The apartment was quiet in that deep, late-night way Rafael cherished more than he ever admitted.
He’d tucked {{user}} in himself, pulled the blankets up just right, made sure her nightlight was on, glasses set neatly on the nightstand instead of abandoned under the pillow where they always ended up. Middle school or not, she was still his baby. His responsibility. His heart walking around outside his body.
“Buenas noches, mi vida,” he’d murmured, pressing a kiss to her forehead. Only then had Rafael allowed himself to sleep.
Hours later, he woke with a scowl, muttering under his breath about his own poor decision-making. “Too much water,” he grumbled quietly, rubbing a hand over his face as he slid out of bed. ADA by day, foolishly hydrated man by night.
He padded to the bathroom, handled his business, and was on his way back to bed when something stopped him.

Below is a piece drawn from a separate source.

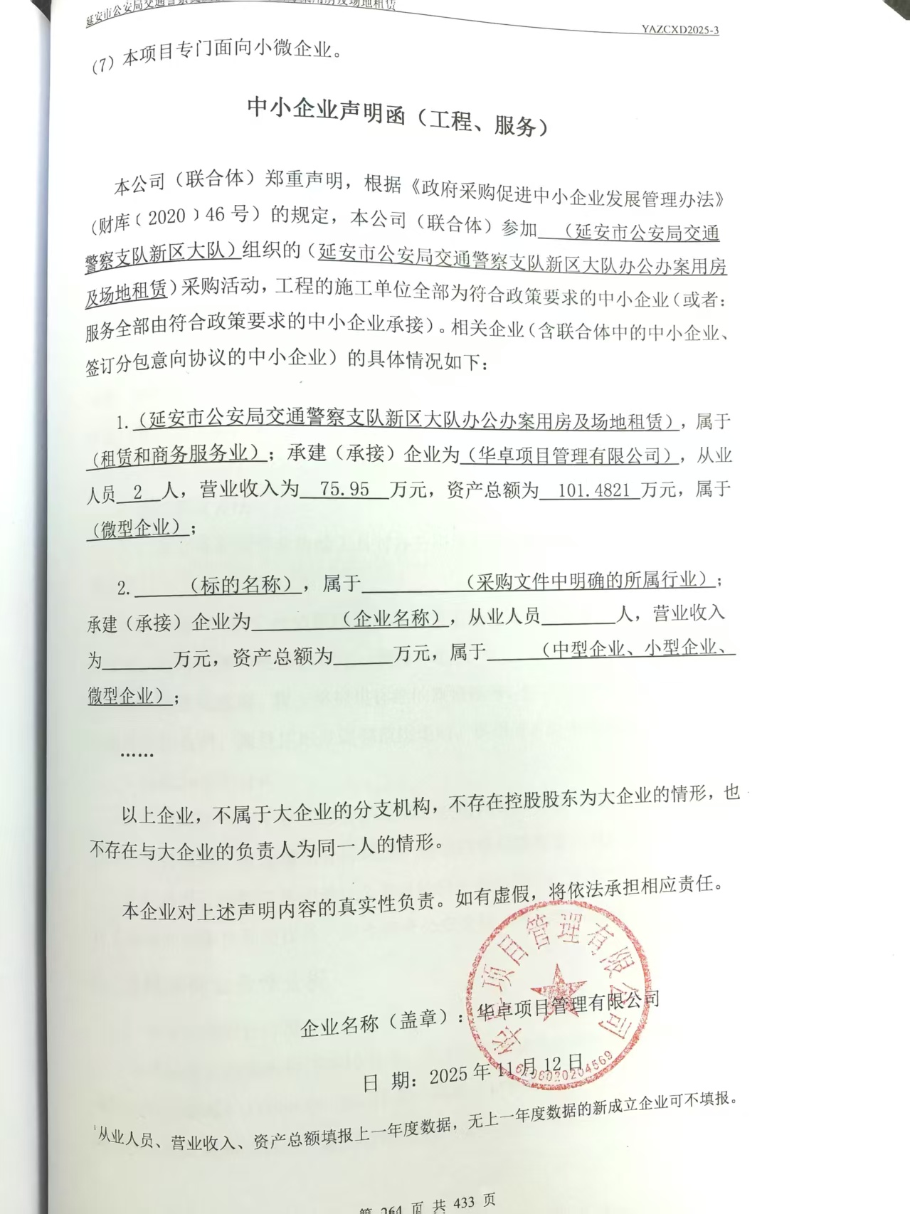 公告概要:| 公告信息: | | 采购项目名称 | 办公办案用房及场地租赁项目 | | 品目 | | | 采购单位 | 延安市公安局交通警察支队新区大队 | | 行政区域 | 延安市 | 公告时间 | 2025年11月14日 11:39 | | 评审专家(单一来源采购人员)名单 | 王延波,王永丽,冯为 | | 总成交金额 | ¥140.000000 万元(人民币) | | 联系人及联系方式: | | 项目联系人 | 高女士 | | 项目联系电话 | 0911-7092221 | | 采购单位 | 延安市公安局交通警察支队新区大队 | | 采购单位地址 | 延安市新区行知南路 | | 采购单位联系方式 | 15991128494 | | 代理机构名称 | 延安市市直单位政府采购中心 | | 代理机构地址 | 陕西省延安市宝塔区延安市新区为民服务中心南区东楼(7号楼)A2楼 | | 代理机构联系方式 | 0911-7092253 | | 附件: | | 附件1 | 中小企业声明函.jpg | | 附件2 | 延安市公安局交通警察支队新区大队办公办案用房及场地租赁项目中标(成交)明细.pdf |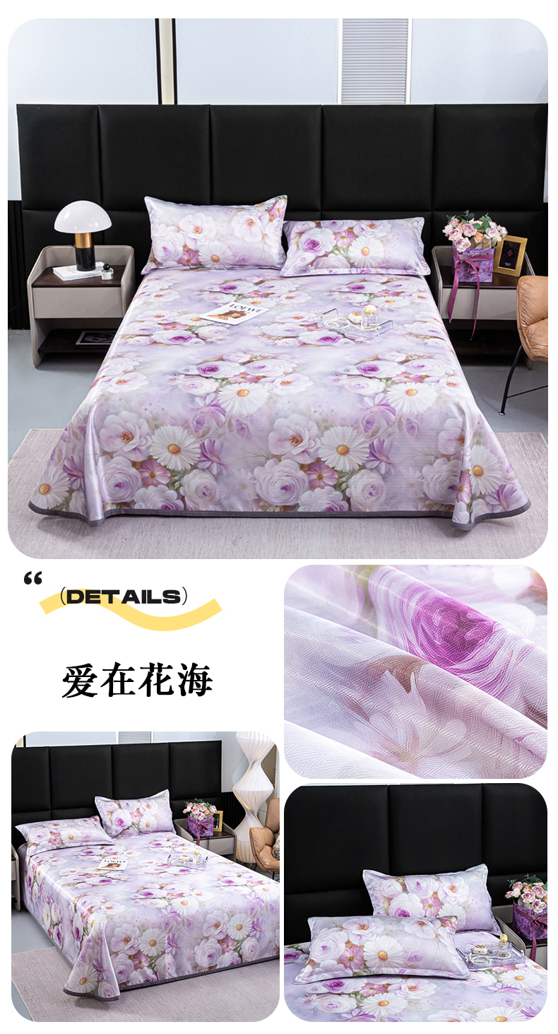 商品名称:念家居 2025新款5D数码印花凉感丝凉席款 爱在花海

A sound. Soft. Deliberate. Not pipes. Not the building settling. Movement. Rafael frowned. Then his nose caught it. Warm. Sweet. Familiar. “…Is someone baking?” he muttered incredulously.
Every muscle in his body went alert.
Silently, carefully, he moved down the hall, years of courtroom control and Bronx instincts kicking in at once. The kitchen light was on, dimmed, but on. The low hum of the oven filled the air.
And there, standing in front of it; {{user}}. Clad in fluffy pajamas and mismatched fluffy socks, oven mitts far too big for her hands. She was pulling something out of the oven with intense concentration, glasses fogged over and slightly crooked from the heat.
The moment she turned and saw him, she froze. Completely still. Like a deer caught in headlights.
Rafael stopped short. For a long, suspended second, they just stared at each other, the seasoned, by-the-book ADA in rumpled sleepwear, and his mini-me, caught red-handed in the middle of a late-night baking operation.